The most committed designers won’t let the prospect of labor delay their shows. And in the case of Danish designer Stine Goya, that was labor literally—the very pregnant designer was due the same day as her collection was to debut. But Goya’s collection marched on as scheduled (her baby, for what it’s worth, didn’t make an appearance) and secured her spot as the standout of the season.
The designer’s relaxed, feminine forms are widely flattering, but like the seventies Danish designer Margit Brandt, Goya is her own best model. Maybe that’s why all the models in her show were styled with her own signature cat-eye makeup and coif—long, strawberry blond locks with blunt-cut bangs. The collection took hot-air ballooning for its theme, emphasizing voluminous, beaded frocks, printed silk dresses, draped trousers in pretty pastels and sherbet shades. And Goya, a former Chanel model herself, took her runway bow in a peach and white form-fitting dress with a balloon-sized belly.

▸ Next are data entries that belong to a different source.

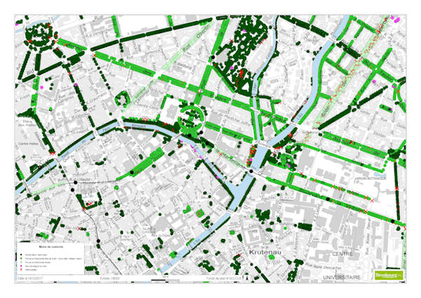Depuis quelques années, les recherches académiques ont mis en évidence les services écosystémiques des arbres en ville comme l’amélioration du cadre de vie ; le maintien de la biodiversité ; la régulation de certains problèmes environnementaux, par ex. : l’infiltration des eaux de ruissellement, le stockage de CO2, le rafraichissement de l’air, etc.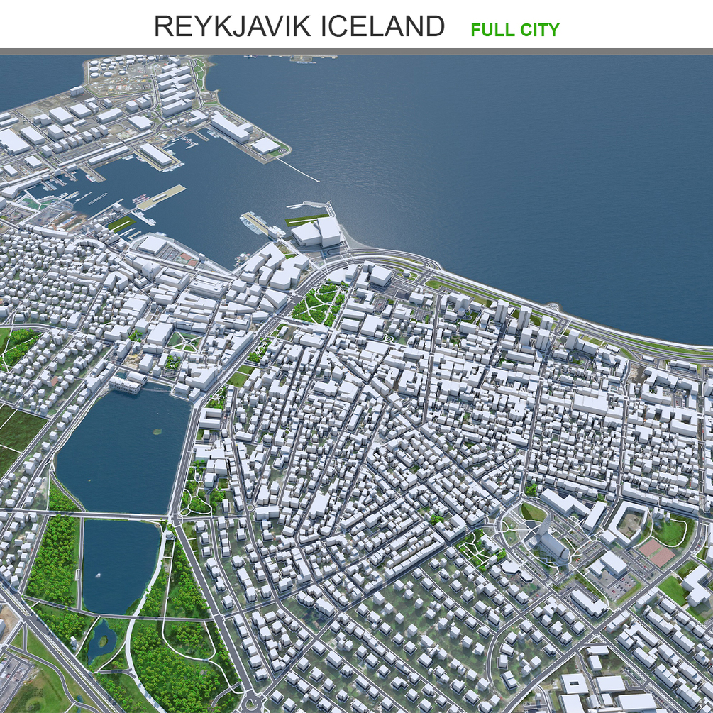 Reykjavik city Iceland 3d model 50km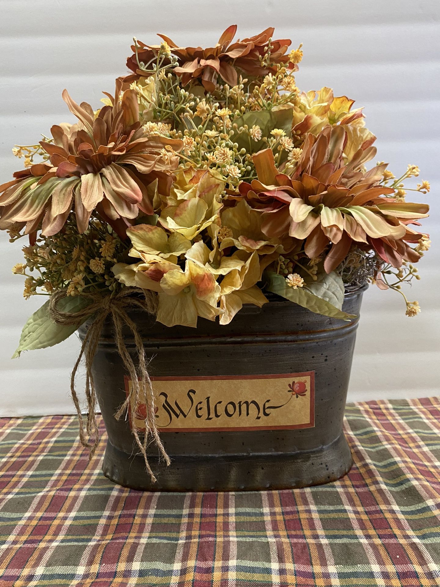 Metal bucket with handles and hydrangea and floral arrangement with moss, jute bow and “Welcome “ sign on front . Measures 16” tall and 12” wide, and 7” deep.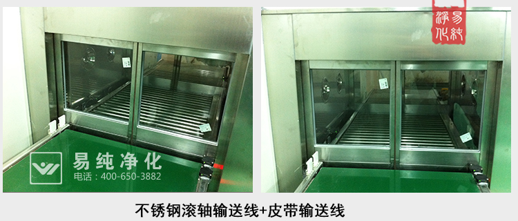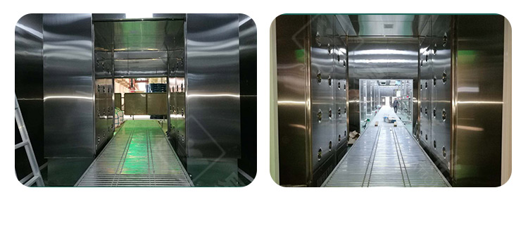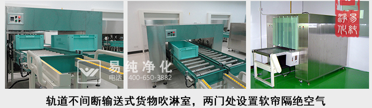 自动输送流水线货淋室是将自动流水线和风淋室相结合的一种产品,可以通过流水线不间断的输送,连续将需要经过的物品表面的灰尘尘埃除尘,其分为有门式,无门式及软帘式,同时为更好的隔绝空气,两端可加风幕机隔绝空气。

The rest of Copenhagen fashion week was somewhat less buoyant, since many of the city’s most artistically innovative designers were M.I.A. Vilsbøl de Arce and Spon Diogo were noticeably absent from the schedule, which was heavy on commercial labels such as Munthe plus Simonsen, Malene Birger, and Hugo Boss. But the refreshingly clean minimalist Bruuns Bazaar collection, Henrik Vibskov’s Dadaist presentation on a circular stage set rotated by costumed stagehands, and Anne Sofie Madsen’s magnificent collection of dresses with sculptural frills and prints inspired by Piero Fornasetti maintained Copenhagen’s strong creative integrity as the fashion showcase for future generations of stylish Danes.